Projecting dangerous growth in bioenergy. Fossil fuel production and use should be replaced with truly clean energy solutions. Bioenergy does not fit that bill. Yet, the IEA's scenario relies on a 65 percent increase in bioenergy from 2020 to 2050, increasing the total land area devoted to bioenergy production by 25% to 410 million hectares in 2050, an area the size of India and Pakistan combined. Growth in bioenergy production is already linked to land grabs and human rights violations, food insecurity, and loss of biodiversity. As Hannah Mowat, campaigns coordinator with Fern, puts it, "Instead of burning trees for energy, we should focus on cutting fossil fuel use, maximising energy efficiency and increasing renewables such as solar, wind, heat pumps and geothermal."
Higher Ambition Matters
All in all, today's 1.5°C report release is a major step forward for the IEA. Its first effort to model a 1.5-aligned energy future makes a clear case that this transformation is critical and achievable, requires deep emissions cuts by 2030 and a "huge decline" in fossil fuels, and, if done in a just and inclusive way, would improve people's well-being and livelihoods all over the world.
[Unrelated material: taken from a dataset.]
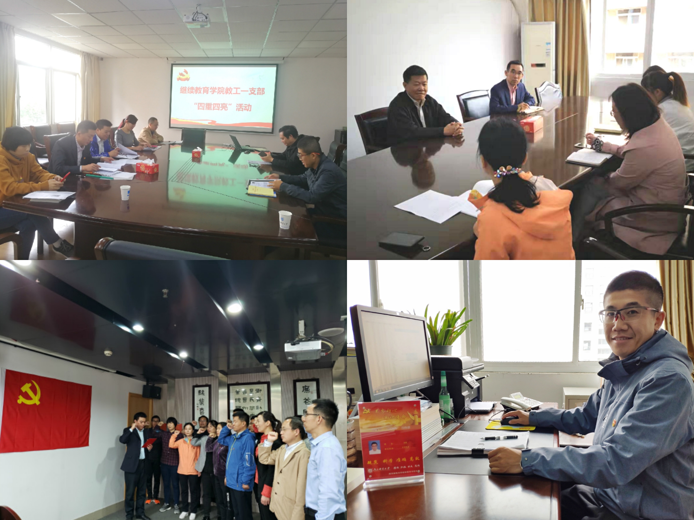 为深入推进“不忘初心、牢记使命”主题教育,对照《关于开展“四重四亮”活动的工作方案》文件精神,继续教育学院党委各支部围绕“守初心、担使命、找差距、抓落实”总要求,结合“初心是什么、使命干什么、奋斗比什么”讨论,陆续开展了党员“四重四亮”主题党日活动。

At the same time, we can't grade the IEA only against its past performance. The ultimate measure is whether the agency drives forward solutions that are bold enough to stem the climate crisis and protect the communities on its frontlines, not the polluters responsible for causing it. In this regard, the IEA has more homework to complete.
But now that the head of the IEA is proclaiming that, "The world does not need any new investments in oil, coal or gas," it will be a whole lot harder for governments, oil and gas companies, banks, and insurers to justify their own support for continued expansion. And that is undoubtedly a huge win for the climate.
Reposted with permission from Oil Change International.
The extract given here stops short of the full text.